▶ **THE INPUT**
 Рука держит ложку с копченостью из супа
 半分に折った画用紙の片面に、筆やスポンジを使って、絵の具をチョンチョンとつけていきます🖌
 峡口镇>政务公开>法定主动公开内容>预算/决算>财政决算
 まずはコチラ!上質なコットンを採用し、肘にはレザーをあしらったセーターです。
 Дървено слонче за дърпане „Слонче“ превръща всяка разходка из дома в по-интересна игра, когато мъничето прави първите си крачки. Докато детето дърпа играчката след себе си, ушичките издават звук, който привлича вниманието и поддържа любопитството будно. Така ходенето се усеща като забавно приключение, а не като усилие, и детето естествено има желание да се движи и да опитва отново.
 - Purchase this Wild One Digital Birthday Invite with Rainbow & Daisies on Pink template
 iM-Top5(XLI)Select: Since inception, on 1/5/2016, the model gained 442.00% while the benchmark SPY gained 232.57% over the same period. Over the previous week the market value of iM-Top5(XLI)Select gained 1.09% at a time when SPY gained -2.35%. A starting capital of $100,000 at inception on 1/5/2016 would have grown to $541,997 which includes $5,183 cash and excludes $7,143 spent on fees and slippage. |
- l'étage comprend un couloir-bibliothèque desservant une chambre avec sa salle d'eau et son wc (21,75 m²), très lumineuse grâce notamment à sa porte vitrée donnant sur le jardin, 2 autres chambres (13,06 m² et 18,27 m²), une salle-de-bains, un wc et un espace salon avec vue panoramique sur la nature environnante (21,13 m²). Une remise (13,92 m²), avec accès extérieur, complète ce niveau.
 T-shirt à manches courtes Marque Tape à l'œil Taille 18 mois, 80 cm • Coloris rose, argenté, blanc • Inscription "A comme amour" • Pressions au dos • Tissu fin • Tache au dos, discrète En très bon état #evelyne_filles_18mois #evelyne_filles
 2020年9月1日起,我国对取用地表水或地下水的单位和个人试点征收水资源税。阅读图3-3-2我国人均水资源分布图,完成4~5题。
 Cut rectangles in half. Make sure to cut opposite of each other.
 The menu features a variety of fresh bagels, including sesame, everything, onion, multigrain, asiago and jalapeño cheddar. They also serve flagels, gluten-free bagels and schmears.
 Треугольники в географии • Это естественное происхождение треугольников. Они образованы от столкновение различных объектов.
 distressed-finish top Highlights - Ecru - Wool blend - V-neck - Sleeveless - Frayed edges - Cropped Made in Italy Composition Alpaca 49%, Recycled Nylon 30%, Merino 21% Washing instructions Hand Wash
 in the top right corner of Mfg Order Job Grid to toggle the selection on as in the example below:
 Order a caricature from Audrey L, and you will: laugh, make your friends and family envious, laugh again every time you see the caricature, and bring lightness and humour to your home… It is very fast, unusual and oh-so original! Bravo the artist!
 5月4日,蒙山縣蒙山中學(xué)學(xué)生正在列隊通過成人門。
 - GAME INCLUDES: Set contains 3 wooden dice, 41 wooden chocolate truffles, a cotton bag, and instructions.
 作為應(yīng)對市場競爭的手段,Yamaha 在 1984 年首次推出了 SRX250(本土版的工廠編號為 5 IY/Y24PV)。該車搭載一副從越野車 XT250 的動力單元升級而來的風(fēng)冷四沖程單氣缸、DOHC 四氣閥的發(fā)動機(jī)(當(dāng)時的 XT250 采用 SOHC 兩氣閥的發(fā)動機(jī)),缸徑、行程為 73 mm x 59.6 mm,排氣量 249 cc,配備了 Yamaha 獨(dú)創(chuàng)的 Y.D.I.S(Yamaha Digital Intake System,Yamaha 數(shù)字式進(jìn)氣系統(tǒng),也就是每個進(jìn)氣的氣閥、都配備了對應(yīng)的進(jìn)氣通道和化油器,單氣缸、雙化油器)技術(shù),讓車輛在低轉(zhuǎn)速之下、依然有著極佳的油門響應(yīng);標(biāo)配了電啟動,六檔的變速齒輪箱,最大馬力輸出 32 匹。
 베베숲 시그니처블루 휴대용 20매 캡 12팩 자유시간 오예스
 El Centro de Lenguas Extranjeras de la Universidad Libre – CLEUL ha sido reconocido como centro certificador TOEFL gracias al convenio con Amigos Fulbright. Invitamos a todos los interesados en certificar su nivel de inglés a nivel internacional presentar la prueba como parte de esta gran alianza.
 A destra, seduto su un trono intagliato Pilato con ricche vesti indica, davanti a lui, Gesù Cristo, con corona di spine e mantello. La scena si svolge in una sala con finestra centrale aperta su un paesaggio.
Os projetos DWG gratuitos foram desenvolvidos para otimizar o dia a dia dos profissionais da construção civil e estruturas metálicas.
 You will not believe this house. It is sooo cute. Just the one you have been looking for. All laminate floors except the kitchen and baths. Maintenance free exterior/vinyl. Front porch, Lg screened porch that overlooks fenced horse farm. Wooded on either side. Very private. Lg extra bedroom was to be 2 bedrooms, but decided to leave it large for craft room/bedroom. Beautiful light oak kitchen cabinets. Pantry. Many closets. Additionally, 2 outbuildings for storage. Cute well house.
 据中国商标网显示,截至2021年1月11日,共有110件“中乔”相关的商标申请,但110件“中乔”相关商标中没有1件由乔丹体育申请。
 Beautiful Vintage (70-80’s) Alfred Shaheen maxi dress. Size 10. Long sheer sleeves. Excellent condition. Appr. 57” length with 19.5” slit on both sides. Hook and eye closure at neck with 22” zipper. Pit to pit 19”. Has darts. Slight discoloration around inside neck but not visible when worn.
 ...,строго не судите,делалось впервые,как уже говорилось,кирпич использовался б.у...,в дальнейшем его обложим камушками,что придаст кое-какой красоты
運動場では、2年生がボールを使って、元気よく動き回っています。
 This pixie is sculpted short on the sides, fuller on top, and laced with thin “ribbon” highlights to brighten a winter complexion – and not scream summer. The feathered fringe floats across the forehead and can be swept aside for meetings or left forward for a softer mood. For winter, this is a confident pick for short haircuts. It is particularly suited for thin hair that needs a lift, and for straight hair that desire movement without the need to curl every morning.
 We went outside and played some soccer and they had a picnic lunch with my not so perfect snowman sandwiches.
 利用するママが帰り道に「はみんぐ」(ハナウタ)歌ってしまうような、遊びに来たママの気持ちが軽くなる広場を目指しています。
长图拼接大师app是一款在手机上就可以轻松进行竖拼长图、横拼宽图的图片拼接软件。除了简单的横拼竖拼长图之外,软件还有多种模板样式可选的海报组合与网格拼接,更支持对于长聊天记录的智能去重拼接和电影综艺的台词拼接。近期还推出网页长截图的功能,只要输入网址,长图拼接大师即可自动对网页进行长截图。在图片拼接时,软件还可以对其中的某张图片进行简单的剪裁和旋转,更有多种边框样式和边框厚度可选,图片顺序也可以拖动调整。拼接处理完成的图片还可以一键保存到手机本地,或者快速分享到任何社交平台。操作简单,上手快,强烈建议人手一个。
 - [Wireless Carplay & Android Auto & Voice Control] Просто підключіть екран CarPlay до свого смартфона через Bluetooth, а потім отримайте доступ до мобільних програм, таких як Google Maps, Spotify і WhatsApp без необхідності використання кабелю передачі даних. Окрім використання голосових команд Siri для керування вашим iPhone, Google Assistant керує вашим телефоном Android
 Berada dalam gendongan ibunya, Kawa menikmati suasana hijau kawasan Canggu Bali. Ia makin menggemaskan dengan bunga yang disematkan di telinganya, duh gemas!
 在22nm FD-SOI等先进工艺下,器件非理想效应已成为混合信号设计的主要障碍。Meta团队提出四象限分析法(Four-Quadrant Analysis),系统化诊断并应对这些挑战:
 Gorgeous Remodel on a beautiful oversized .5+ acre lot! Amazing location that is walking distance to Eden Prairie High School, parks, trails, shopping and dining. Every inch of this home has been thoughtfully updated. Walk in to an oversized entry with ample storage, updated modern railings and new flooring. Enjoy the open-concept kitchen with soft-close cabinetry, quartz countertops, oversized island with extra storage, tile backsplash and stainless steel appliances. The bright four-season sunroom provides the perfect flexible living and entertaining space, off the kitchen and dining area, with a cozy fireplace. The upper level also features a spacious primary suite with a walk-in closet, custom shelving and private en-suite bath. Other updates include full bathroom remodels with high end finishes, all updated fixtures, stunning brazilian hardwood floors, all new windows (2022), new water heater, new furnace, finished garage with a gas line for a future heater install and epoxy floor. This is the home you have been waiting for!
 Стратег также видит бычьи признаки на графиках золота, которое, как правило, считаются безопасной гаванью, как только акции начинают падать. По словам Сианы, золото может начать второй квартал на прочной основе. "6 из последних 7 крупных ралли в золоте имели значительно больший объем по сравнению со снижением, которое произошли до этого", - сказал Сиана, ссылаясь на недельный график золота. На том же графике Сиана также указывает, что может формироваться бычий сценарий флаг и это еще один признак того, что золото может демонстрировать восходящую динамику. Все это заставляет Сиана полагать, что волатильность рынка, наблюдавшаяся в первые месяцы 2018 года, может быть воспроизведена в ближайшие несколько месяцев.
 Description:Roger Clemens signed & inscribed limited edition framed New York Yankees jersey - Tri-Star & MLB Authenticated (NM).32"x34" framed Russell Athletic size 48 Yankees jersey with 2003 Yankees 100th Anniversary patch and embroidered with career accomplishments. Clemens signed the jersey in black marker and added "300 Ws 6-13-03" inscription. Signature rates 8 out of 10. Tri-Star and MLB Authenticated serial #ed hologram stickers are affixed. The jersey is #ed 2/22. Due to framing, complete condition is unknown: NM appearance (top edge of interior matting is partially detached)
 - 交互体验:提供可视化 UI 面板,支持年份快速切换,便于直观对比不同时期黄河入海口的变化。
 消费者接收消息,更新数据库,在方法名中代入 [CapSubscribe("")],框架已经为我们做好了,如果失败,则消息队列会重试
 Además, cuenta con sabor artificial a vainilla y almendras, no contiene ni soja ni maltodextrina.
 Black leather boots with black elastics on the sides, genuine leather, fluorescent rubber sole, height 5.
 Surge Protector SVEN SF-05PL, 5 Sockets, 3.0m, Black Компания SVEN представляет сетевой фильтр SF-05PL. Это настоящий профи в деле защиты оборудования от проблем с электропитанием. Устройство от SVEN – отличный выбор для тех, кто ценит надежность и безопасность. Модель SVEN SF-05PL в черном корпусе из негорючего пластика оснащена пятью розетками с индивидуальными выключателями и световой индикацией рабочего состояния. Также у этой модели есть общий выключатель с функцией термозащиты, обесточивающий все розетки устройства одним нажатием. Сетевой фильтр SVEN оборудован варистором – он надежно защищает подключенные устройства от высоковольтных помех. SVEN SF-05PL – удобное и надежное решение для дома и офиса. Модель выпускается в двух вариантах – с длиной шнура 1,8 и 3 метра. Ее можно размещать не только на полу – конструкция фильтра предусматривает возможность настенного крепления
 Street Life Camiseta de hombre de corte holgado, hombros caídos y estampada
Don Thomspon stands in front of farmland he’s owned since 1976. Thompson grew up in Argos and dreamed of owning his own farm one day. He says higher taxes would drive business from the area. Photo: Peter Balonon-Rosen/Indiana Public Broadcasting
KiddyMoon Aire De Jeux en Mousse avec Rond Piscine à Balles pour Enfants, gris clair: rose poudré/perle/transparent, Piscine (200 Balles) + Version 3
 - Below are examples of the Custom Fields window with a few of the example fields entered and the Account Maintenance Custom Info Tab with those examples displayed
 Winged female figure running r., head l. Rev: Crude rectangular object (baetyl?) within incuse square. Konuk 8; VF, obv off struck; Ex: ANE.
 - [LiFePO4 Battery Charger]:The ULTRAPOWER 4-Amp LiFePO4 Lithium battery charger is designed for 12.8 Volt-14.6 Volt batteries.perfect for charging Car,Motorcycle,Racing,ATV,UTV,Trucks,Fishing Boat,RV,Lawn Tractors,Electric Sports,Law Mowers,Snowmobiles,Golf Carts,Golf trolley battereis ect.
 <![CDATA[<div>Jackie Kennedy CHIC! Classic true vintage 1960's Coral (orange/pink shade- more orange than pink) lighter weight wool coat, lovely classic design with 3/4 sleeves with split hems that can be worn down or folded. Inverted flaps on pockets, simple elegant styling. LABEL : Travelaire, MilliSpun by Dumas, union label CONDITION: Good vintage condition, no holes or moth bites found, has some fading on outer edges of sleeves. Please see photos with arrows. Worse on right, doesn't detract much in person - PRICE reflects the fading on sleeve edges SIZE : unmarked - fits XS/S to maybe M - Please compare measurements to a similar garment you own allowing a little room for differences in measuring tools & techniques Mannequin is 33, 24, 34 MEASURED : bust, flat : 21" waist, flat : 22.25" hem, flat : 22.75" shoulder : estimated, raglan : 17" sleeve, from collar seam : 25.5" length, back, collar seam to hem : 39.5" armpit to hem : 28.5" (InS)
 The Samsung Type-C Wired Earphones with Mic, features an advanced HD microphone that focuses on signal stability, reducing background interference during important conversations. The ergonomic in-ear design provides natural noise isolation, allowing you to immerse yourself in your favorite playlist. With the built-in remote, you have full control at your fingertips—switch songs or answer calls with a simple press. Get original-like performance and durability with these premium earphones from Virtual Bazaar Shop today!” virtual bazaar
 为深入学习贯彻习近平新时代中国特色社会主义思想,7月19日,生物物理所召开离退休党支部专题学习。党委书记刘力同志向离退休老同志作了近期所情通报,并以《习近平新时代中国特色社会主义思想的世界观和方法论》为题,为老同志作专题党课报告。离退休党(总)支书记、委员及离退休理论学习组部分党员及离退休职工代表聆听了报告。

▶ **TASK ITEM**
Could you work out how many lines in the material contain "instructions"? Reply with only that number.

▶ **ANSWER SPACE**
2